▶ _WORK REQUIRED_
All that is needed is an exact copy of the lines from the beginning of the data below through the line containing "本题借助图片考查动词辨析及公", minus the pictures.

▶ _SOURCE MATERIAL_
Start of Block

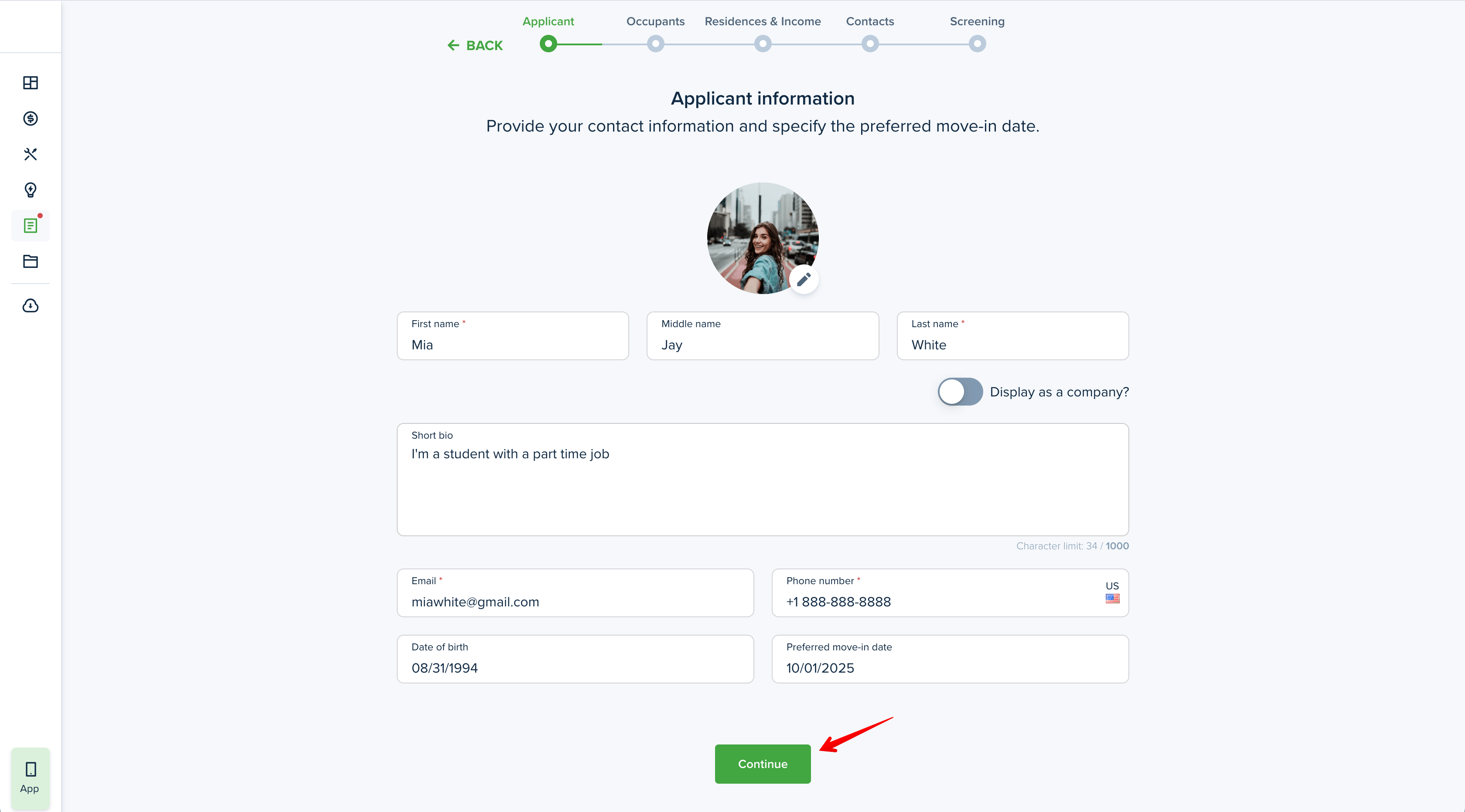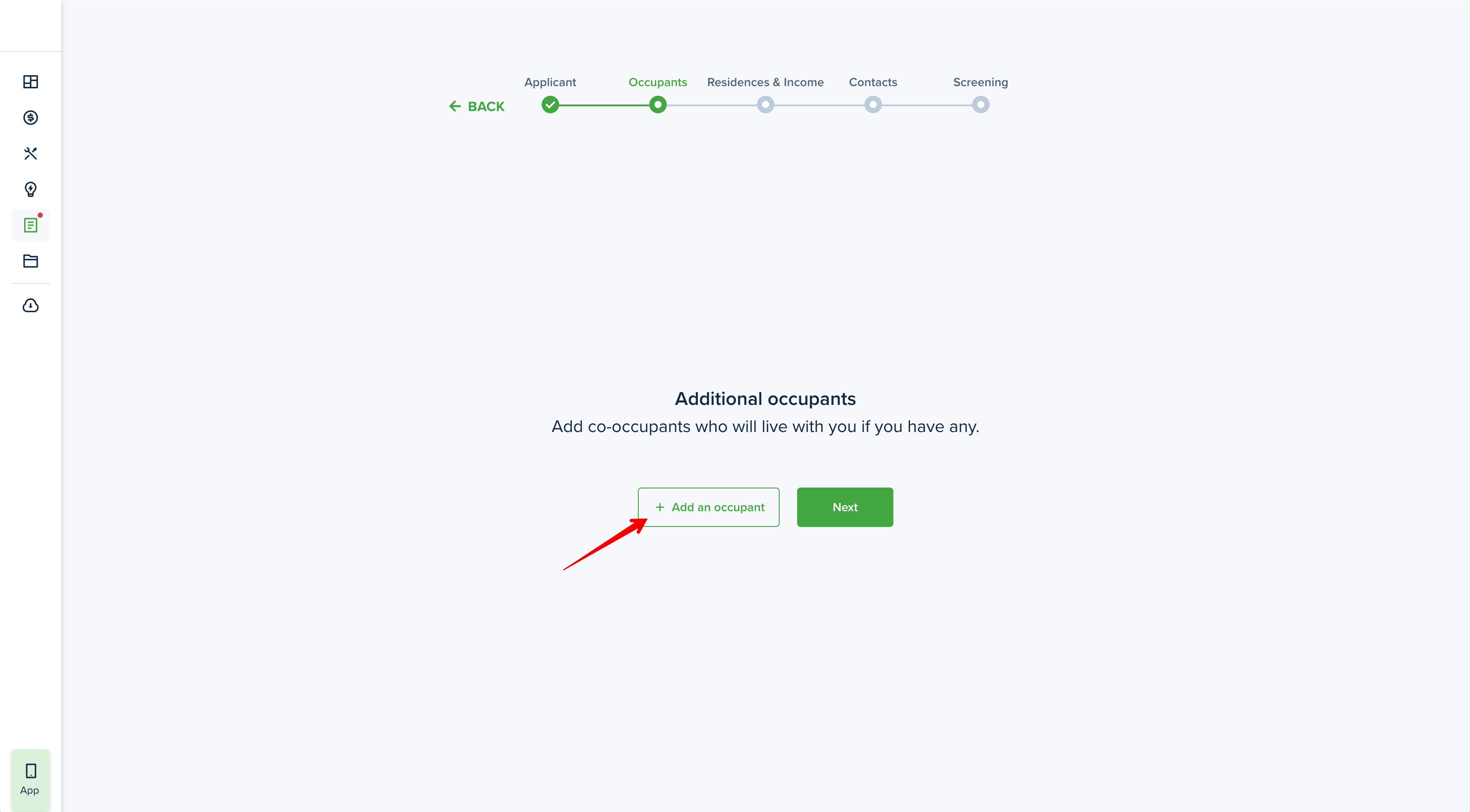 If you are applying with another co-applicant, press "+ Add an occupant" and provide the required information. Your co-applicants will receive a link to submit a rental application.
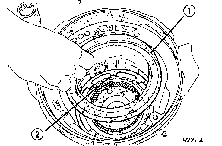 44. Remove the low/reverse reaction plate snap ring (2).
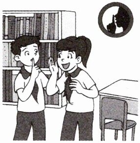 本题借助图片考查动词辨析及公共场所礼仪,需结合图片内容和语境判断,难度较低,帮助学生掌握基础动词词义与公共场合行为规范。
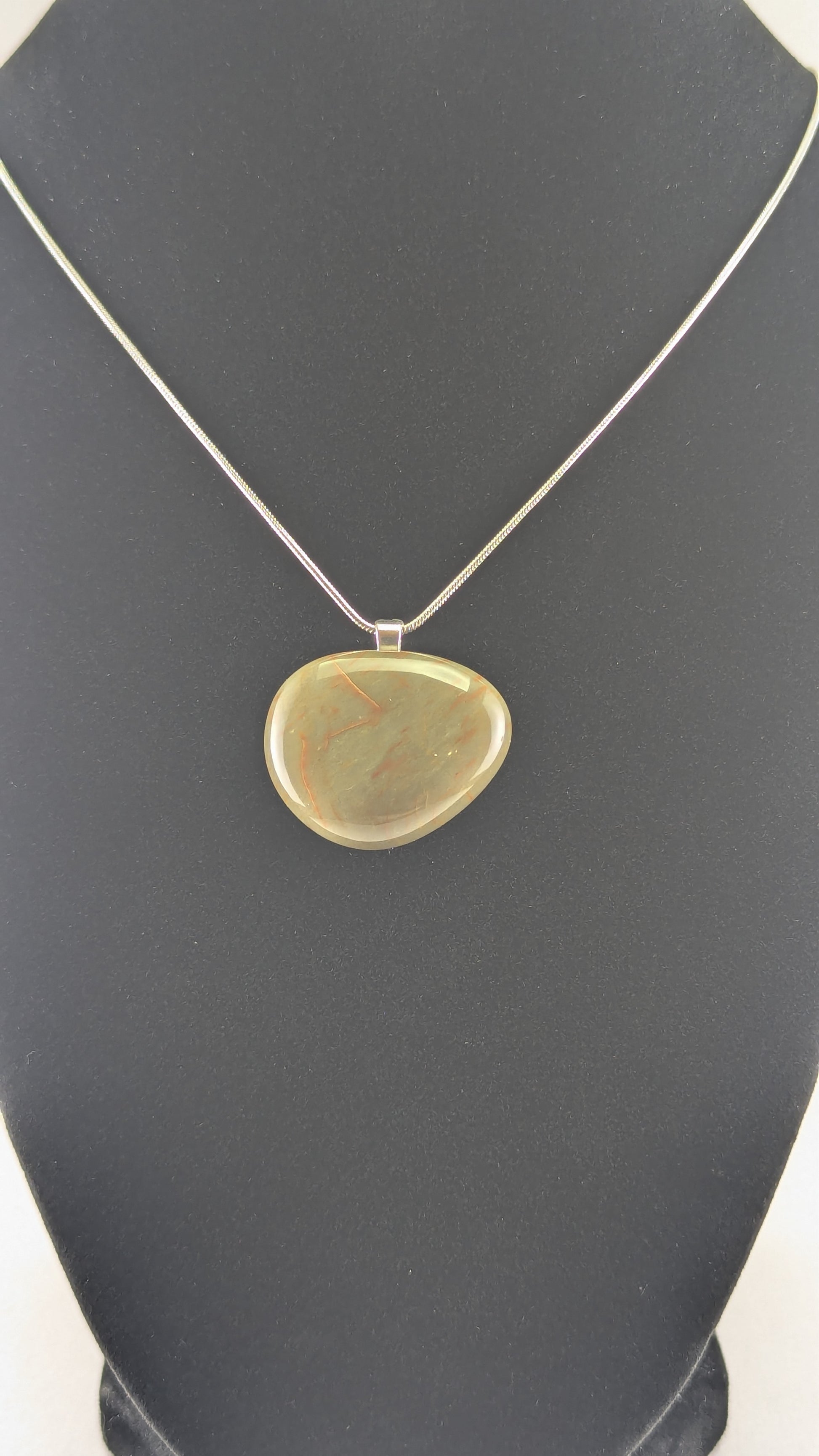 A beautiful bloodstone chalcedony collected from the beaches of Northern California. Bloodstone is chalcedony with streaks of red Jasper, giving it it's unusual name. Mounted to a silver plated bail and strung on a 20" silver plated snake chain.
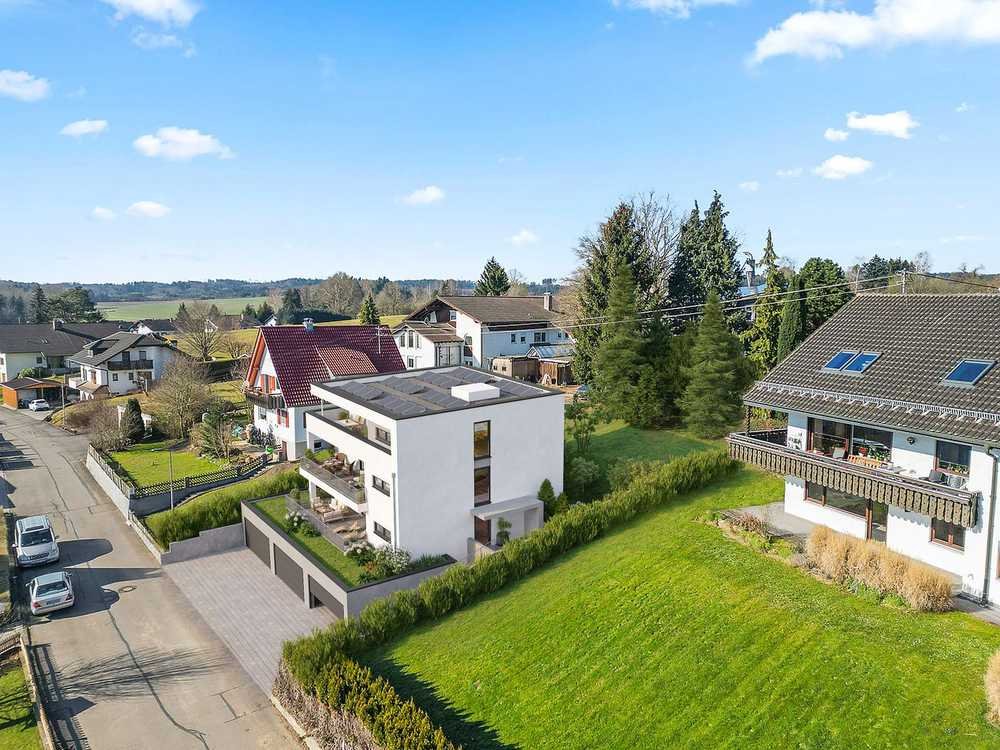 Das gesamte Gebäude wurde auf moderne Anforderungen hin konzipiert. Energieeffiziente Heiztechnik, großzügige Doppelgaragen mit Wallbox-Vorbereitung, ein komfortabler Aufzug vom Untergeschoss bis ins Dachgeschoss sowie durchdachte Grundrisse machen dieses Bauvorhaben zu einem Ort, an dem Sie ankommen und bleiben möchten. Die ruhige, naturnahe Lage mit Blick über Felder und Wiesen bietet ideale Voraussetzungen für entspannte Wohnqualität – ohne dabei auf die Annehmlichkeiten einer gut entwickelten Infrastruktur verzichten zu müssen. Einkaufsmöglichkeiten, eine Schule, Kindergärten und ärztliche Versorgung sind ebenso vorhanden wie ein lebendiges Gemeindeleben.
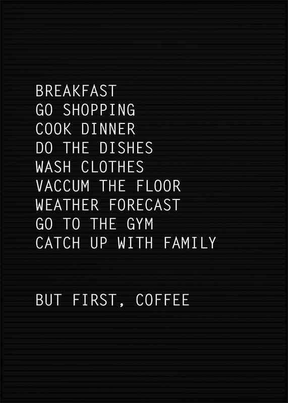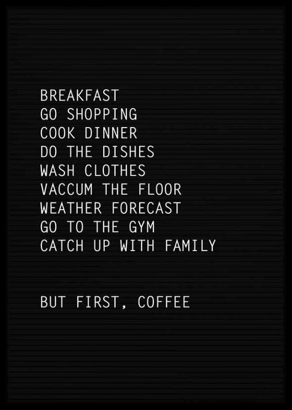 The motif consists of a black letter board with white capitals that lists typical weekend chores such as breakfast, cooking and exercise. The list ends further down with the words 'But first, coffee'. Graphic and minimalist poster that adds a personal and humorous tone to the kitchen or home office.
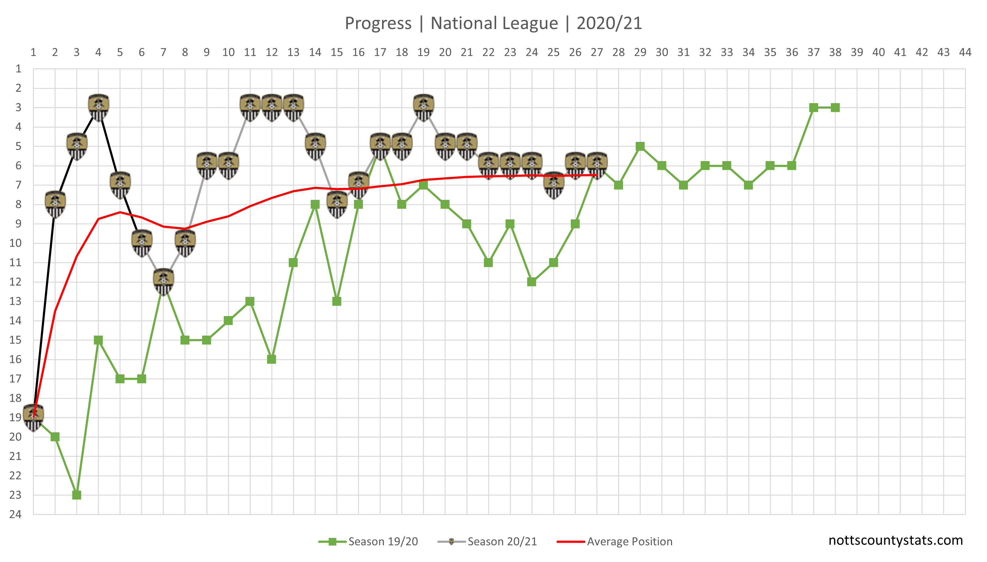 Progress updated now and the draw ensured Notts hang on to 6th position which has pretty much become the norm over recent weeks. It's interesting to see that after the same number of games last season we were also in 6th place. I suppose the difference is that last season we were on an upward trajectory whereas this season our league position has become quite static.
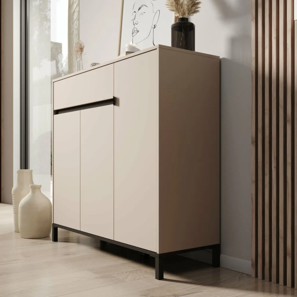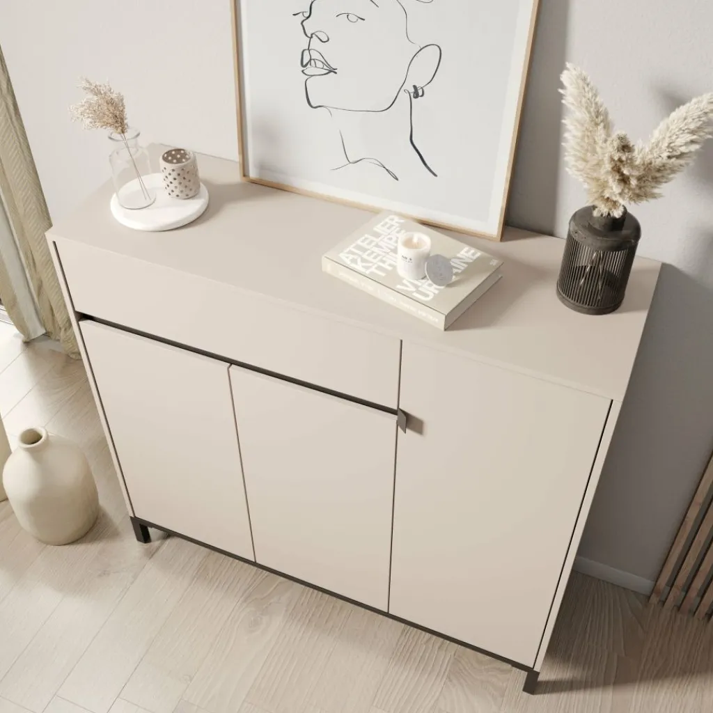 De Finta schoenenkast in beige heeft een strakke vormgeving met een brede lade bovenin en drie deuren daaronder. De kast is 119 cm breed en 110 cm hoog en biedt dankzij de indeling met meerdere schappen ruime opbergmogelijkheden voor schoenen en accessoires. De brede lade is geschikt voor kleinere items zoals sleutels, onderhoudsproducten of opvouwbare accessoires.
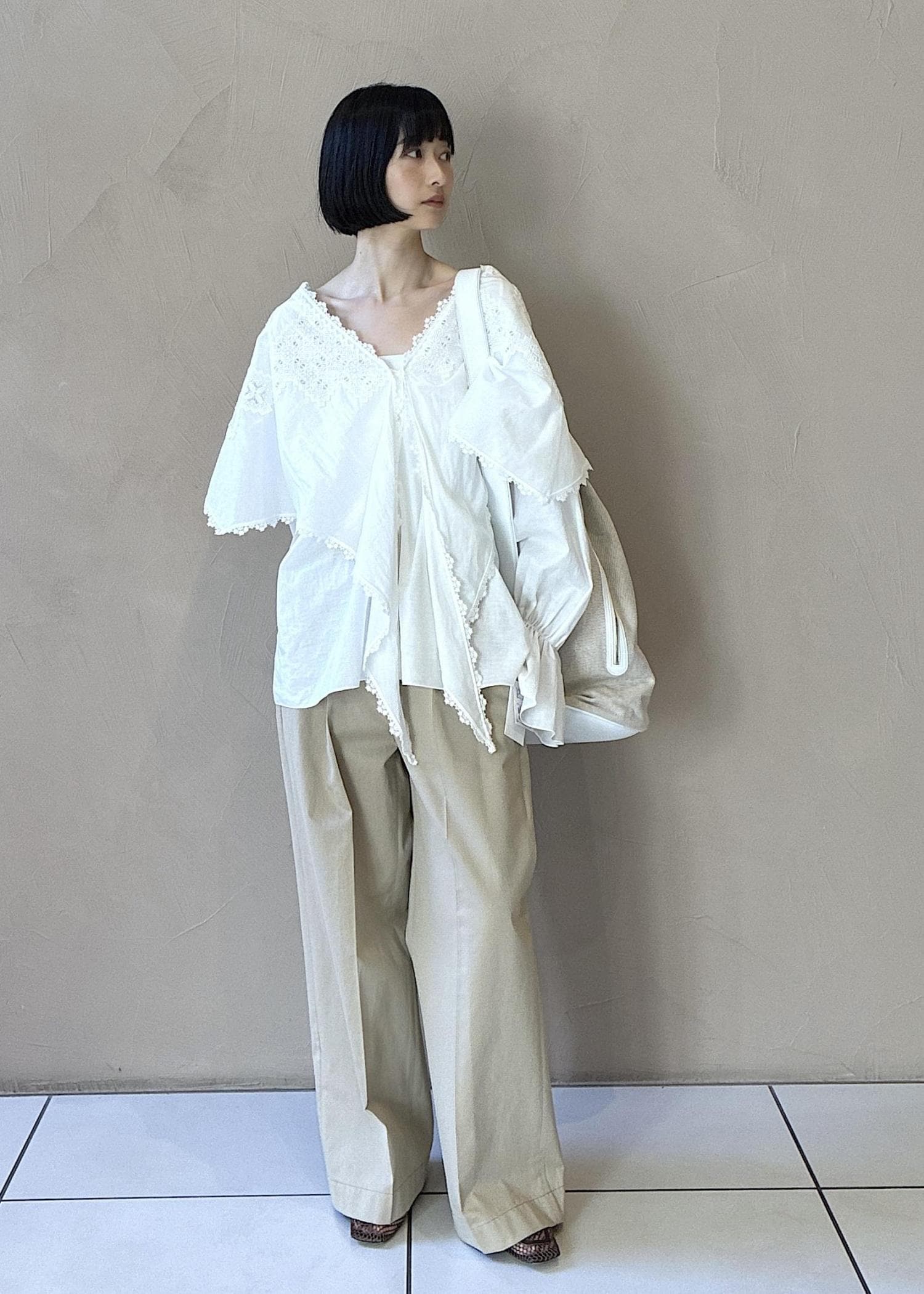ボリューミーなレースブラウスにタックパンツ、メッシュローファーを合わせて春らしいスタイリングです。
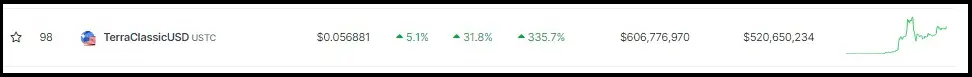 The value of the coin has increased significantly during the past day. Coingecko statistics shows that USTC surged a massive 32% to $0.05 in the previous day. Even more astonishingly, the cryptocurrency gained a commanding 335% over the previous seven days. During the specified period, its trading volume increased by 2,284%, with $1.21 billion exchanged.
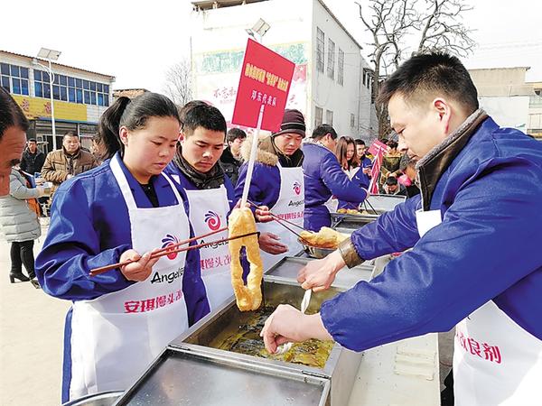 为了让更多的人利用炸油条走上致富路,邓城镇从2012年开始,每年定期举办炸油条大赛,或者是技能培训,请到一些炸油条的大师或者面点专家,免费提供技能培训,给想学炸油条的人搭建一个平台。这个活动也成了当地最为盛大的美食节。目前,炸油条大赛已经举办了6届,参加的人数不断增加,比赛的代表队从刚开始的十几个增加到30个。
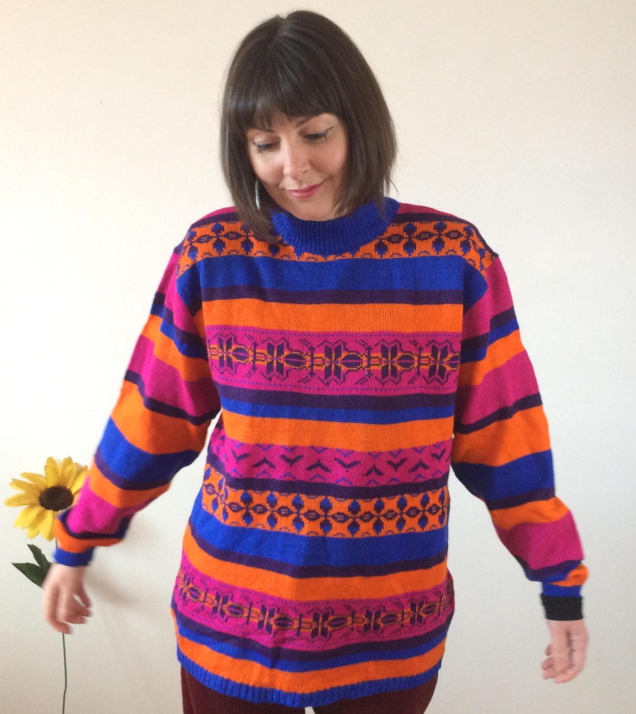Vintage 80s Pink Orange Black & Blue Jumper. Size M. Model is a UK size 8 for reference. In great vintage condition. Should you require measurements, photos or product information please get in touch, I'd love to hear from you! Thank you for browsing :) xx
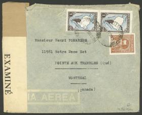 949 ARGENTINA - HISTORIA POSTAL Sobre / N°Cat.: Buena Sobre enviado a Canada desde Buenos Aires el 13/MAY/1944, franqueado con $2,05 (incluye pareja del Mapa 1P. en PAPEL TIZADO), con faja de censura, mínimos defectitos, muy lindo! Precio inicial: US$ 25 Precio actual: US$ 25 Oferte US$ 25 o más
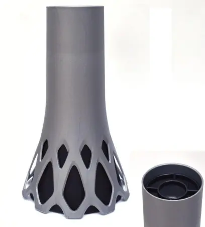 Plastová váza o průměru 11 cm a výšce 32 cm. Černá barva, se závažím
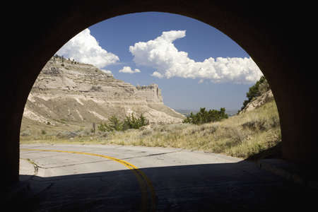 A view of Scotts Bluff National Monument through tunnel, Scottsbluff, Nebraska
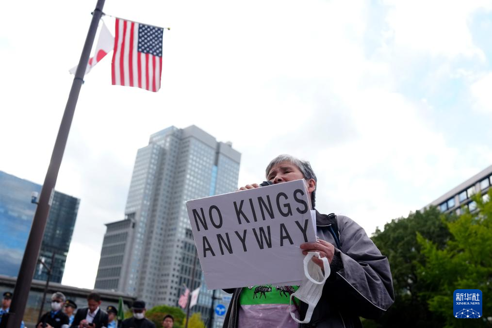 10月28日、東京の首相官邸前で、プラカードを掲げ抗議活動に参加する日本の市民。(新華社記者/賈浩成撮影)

End of Block

▶ _RESPONSE_
 If you are applying with another co-applicant, press "+ Add an occupant" and provide the required information. Your co-applicants will receive a link to submit a rental application.
 44. Remove the low/reverse reaction plate snap ring (2).
 本题借助图片考查动词辨析及公共场所礼仪,需结合图片内容和语境判断,难度较低,帮助学生掌握基础动词词义与公共场合行为规范。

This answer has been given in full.